Here is a more verbose version of the same code with some explanation that may make it easier to grasp:
def getNegativeCounts(x):
# This function takes as input a sequence of numbers, all the same sign.
# If they're negative, it returns an increasing count of how many there are.
# If they're positive, it just returns the same number of zeros.
# [-1, -2, -3] -> [1, 2, 3]
# [1, 2, 3] -> [0, 0, 0]
if (x<0).all():
return pandas.Series(np.arange(len(x))+1, index=x.index)
else:
return pandas.Series(np.zeros(len(x)), index=x.index)
# we have to reverse the data because cumsum only works in the forward direction
x = data[::-1]
# compute for each number whether it has the same sign as the previous one
sameSignAsPrevious = (x<0) != (x<0).shift()
# cumsum this to get an "ID" for each block of consecutive same-sign numbers
sameSignBlocks = sameSignAsPrevious.cumsum()

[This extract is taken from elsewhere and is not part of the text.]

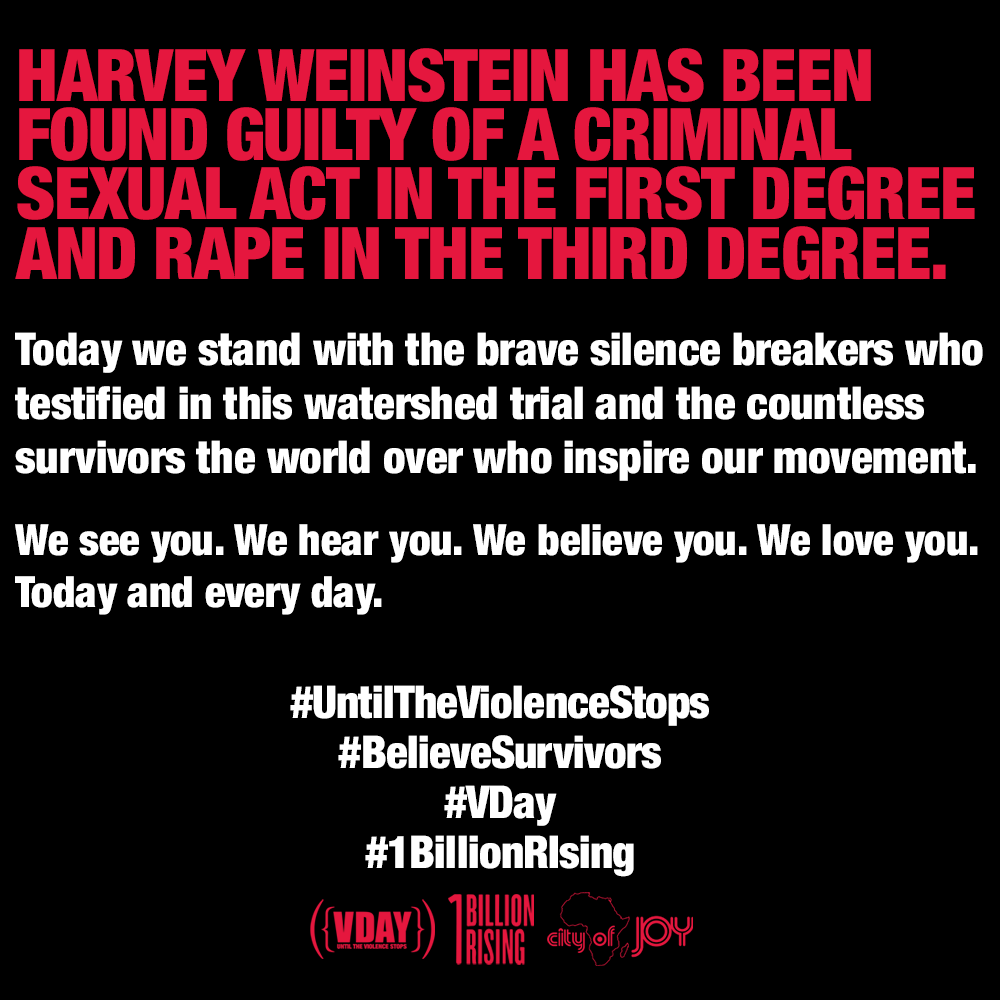 Two years after survivors broke the silence around Harvey Weinstein’s predatory behavior, Harvey Weinstein has been found guilty of criminal sexual acts and rape in New York.

# group on these block IDs
g = x.groupby(sameSignBlocks)
# for each block, apply getNegativeCounts
# this will either give us the running total of negatives in the block,
# or a stretch of zeros if the block was positive
# the [::-1] at the end reverses the result
# (to compensate for our reversing the data initially)
g.apply(getNegativeCounts)[::-1]
As you can see, run-length-style operations are not usually simple in pandas. There is, however, an open issue for adding more grouping/partitioning abilities that would ameliorate some of this. In any case, your particular use case has some specific quirks that make it a bit different from a typical run-length task.